To solve the problem, we need to evaluate the following limit:

\[\lim_{x \to 0} \frac{\int_{0}^{x} f(t) \, dt}{e^{x^2} - 1} = \alpha\]

Given that \(f(0) = \frac{1}{2}\) and \(f(x)\) is differentiable, we will use L'Hôpital's Rule.
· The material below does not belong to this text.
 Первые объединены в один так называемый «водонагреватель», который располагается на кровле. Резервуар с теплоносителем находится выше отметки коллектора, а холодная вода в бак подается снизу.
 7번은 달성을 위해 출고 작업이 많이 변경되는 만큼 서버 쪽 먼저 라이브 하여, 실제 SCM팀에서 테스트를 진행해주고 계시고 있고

L'Hôpital's Rule is applicable since both the numerator and the denominator approach 0 as \(x \to 0\).

First, we differentiate the numerator and the denominator with respect to \(x\):

• The derivative of the numerator \(\int_{0}^{x} f(t) \, dt\) with respect to \(x\) is \(f(x)\), according to the Fundamental Theorem of Calculus.
• The derivative of the denominator \(\left(e^{x^2} - 1\right)\) is \(2xe^{x^2}\).
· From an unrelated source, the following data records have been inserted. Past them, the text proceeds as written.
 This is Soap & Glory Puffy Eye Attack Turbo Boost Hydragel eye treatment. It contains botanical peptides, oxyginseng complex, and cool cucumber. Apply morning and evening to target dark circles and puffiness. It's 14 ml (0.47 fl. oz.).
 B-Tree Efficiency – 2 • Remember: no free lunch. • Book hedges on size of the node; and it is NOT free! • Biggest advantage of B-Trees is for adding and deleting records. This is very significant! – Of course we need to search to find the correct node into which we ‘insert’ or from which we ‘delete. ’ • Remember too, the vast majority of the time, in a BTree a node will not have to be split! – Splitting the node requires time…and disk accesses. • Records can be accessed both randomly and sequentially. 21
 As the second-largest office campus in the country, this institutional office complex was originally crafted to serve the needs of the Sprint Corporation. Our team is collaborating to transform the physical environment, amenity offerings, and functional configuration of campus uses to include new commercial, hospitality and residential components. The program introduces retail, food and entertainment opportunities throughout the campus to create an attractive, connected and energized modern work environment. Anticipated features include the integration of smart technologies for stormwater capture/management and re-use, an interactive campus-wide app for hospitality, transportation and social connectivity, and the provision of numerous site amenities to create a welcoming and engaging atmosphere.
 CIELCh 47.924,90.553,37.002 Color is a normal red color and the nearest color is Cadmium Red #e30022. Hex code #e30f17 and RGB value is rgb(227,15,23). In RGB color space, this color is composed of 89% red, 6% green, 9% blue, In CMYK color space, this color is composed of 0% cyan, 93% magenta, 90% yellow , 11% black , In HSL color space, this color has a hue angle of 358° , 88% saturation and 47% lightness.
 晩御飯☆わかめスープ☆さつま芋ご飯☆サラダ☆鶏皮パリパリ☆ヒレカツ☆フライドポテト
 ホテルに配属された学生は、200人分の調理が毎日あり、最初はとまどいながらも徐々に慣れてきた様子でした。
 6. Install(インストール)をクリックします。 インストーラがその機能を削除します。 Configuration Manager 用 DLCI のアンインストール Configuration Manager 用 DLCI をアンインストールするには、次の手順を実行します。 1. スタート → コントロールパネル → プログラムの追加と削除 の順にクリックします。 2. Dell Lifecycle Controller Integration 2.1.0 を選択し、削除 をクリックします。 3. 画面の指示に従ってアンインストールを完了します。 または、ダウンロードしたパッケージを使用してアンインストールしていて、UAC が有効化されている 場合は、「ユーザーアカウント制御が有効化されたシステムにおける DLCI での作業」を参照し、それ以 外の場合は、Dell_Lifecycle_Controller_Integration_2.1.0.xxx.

Using L'Hôpital's Rule, we have:

\[\lim_{x \to 0} \frac{f(x)}{2x e^{x^2}} = \alpha\]

Substituting \(f(0) = \frac{1}{2}\), we focus on the expression at \(x = 0\):

\[\lim_{x \to 0} \frac{f(x)}{2x e^{x^2}} = \lim_{x \to 0} \frac{\frac{1}{2} + \frac{d}{dx}(f(x) - \frac{1}{2})}{2x e^{x^2}}\]

Notice that the higher order terms vanish faster than \(x\), hence:

\[\lim_{x \to 0} \frac{\frac{1}{2}}{2x} = \frac{1}{4}\]

Thus, \(\alpha = \frac{1}{4}\).

Next, we find \(8\alpha^{2}\):

\[8 \alpha^2 = 8 \left(\frac{1}{4}\right)^2 = 8 \times \frac{1}{16} = \frac{1}{2} \times 2 = 2\]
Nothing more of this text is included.